[SUPPLIED MATERIAL — start]
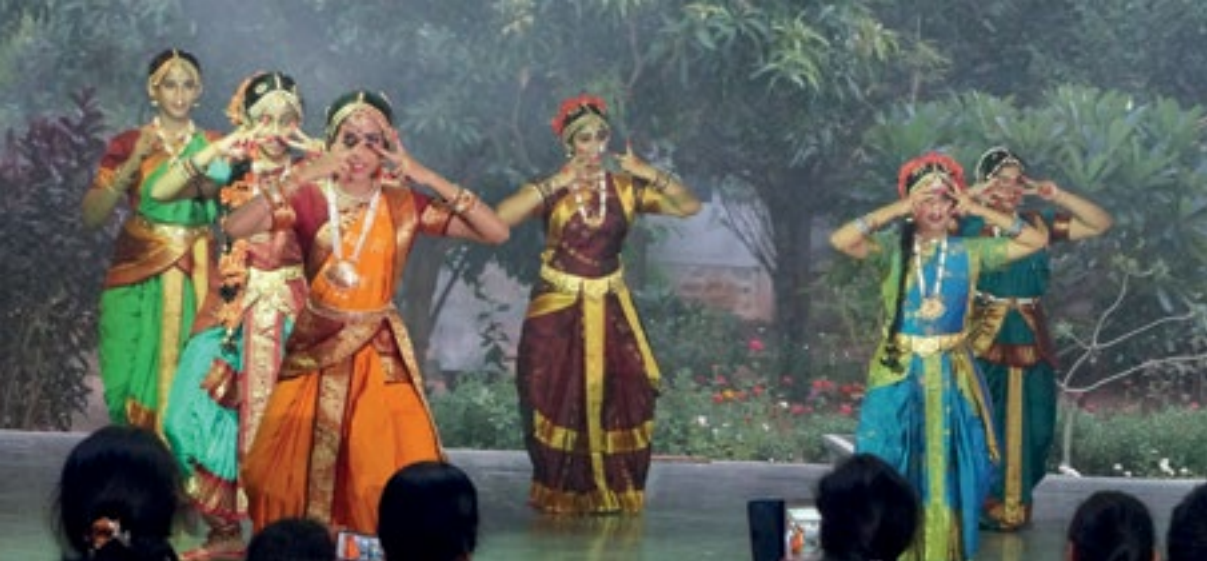
Tanz bei einer Schulveranstaltung in der Waldorfschule in Hyderabad.

zeugen sollen. Eltern, so erzählten uns die Kollegen dort, müssen die Schule erst sehen und gewinnen dann Vertrauen; sie lassen sich nicht durch eine Idee überzeugen. Während in Myanmar und in Vietnam die ersten Waldorfschulen gerade beginnen und noch ganz mit Pioniereifer betrieben werden, feiert die Sloka Waldorfschule in Hyderabad, Indien in diesem Jahr ihr 20-jähriges Bestehen. Über 600 Schüler besuchen mittlerweile diese Schule, die sich nationale Anerkennung erworben hat. In Indien ist die Waldorfpädagogik – zumindest in der Klassenlehrerzeit – angekommen. So baten wir die Kollegen der Sloka-Schule Praktikumsplätze für die neuen Lehrer der Tashi-Schule in Nepal bereit zu stellen, damit sie auch einmal eine gut funktionierende große Waldorfschule erleben können. Solche gegenseitige Unterstützungen in einem vergleichbaren kulturellen Kontext werden immer wichtiger und von den etablierten Schulen auch gerne geleistet. In Thailand zum Beispiel erhalten die neuen Schulinitiativen, so etwa die Schule in Chiang Mai, regelmäßig Unterstützung durch die erfahrene, ebenfalls zwanzigjährige Panyotai Waldorfschule in Bangkok.
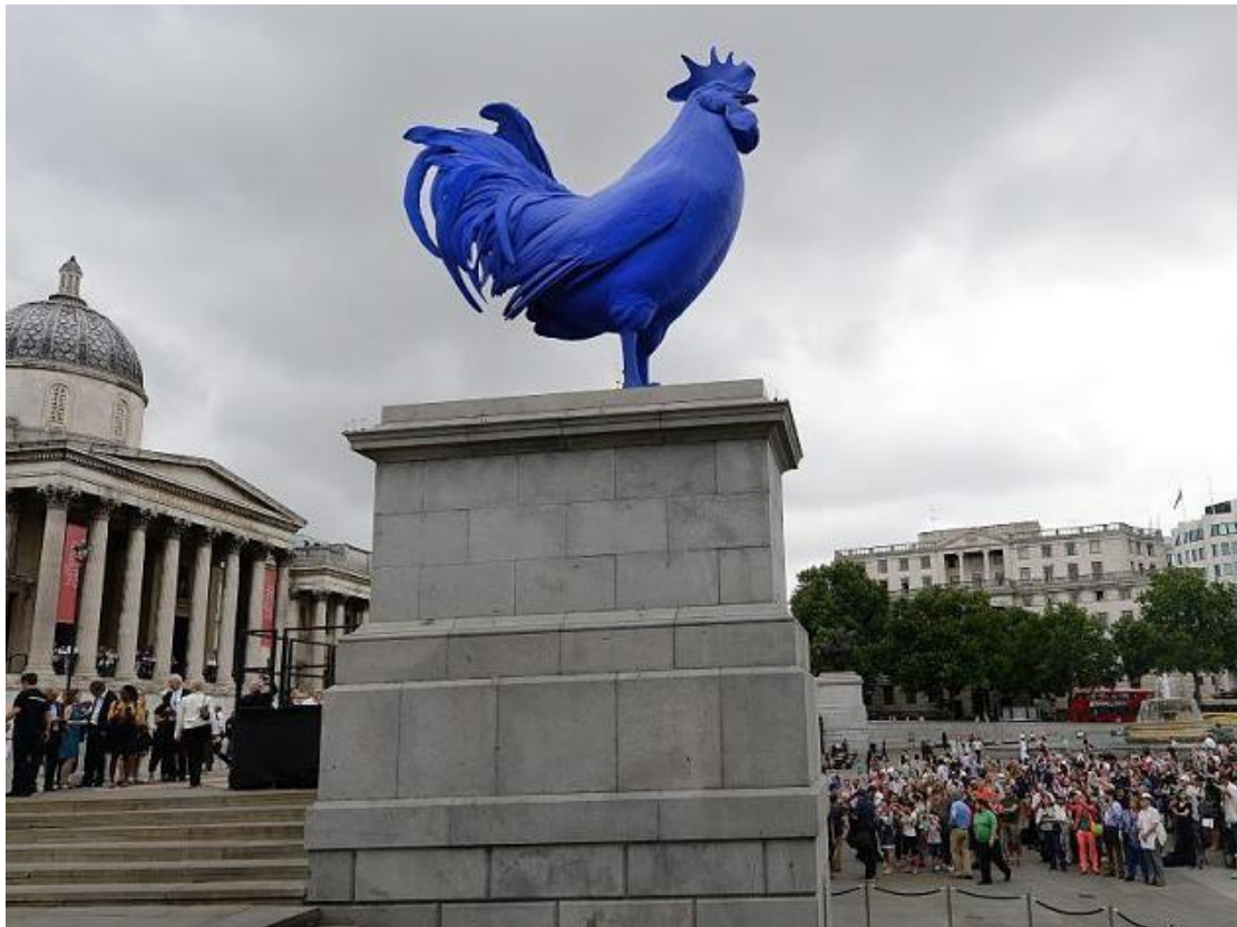
Created by Katharina Fritsch, 'Hahn/Cock'

Η τέταρτη κολόνα του Νέλσονα στην πλατεία Trafalgar “στολίζεται” με ένα διαφορετικό έργο τέχνης από το 1998 και έπειτα. Τα έργα έχουν φιλοτεχνήσει σημαντικοί καλλιτέχνες όπως οι Rachel Whiteread, Yinka Shonibare, Mark Wallinger και Antony Gormley.
[SUPPLIED MATERIAL — finish]
PROBLEM STATEMENT — Go through the material above and print all of it exactly, except the pictures.

RESULT OF THIS EXERCISE —
Tanz bei einer Schulveranstaltung in der Waldorfschule in Hyderabad.

zeugen sollen. Eltern, so erzählten uns die Kollegen dort, müssen die Schule erst sehen und gewinnen dann Vertrauen; sie lassen sich nicht durch eine Idee überzeugen. Während in Myanmar und in Vietnam die ersten Waldorfschulen gerade beginnen und noch ganz mit Pioniereifer betrieben werden, feiert die Sloka Waldorfschule in Hyderabad, Indien in diesem Jahr ihr 20-jähriges Bestehen. Über 600 Schüler besuchen mittlerweile diese Schule, die sich nationale Anerkennung erworben hat. In Indien ist die Waldorfpädagogik – zumindest in der Klassenlehrerzeit – angekommen. So baten wir die Kollegen der Sloka-Schule Praktikumsplätze für die neuen Lehrer der Tashi-Schule in Nepal bereit zu stellen, damit sie auch einmal eine gut funktionierende große Waldorfschule erleben können. Solche gegenseitige Unterstützungen in einem vergleichbaren kulturellen Kontext werden immer wichtiger und von den etablierten Schulen auch gerne geleistet. In Thailand zum Beispiel erhalten die neuen Schulinitiativen, so etwa die Schule in Chiang Mai, regelmäßig Unterstützung durch die erfahrene, ebenfalls zwanzigjährige Panyotai Waldorfschule in Bangkok.
Created by Katharina Fritsch, 'Hahn/Cock'

Η τέταρτη κολόνα του Νέλσονα στην πλατεία Trafalgar “στολίζεται” με ένα διαφορετικό έργο τέχνης από το 1998 και έπειτα. Τα έργα έχουν φιλοτεχνήσει σημαντικοί καλλιτέχνες όπως οι Rachel Whiteread, Yinka Shonibare, Mark Wallinger και Antony Gormley.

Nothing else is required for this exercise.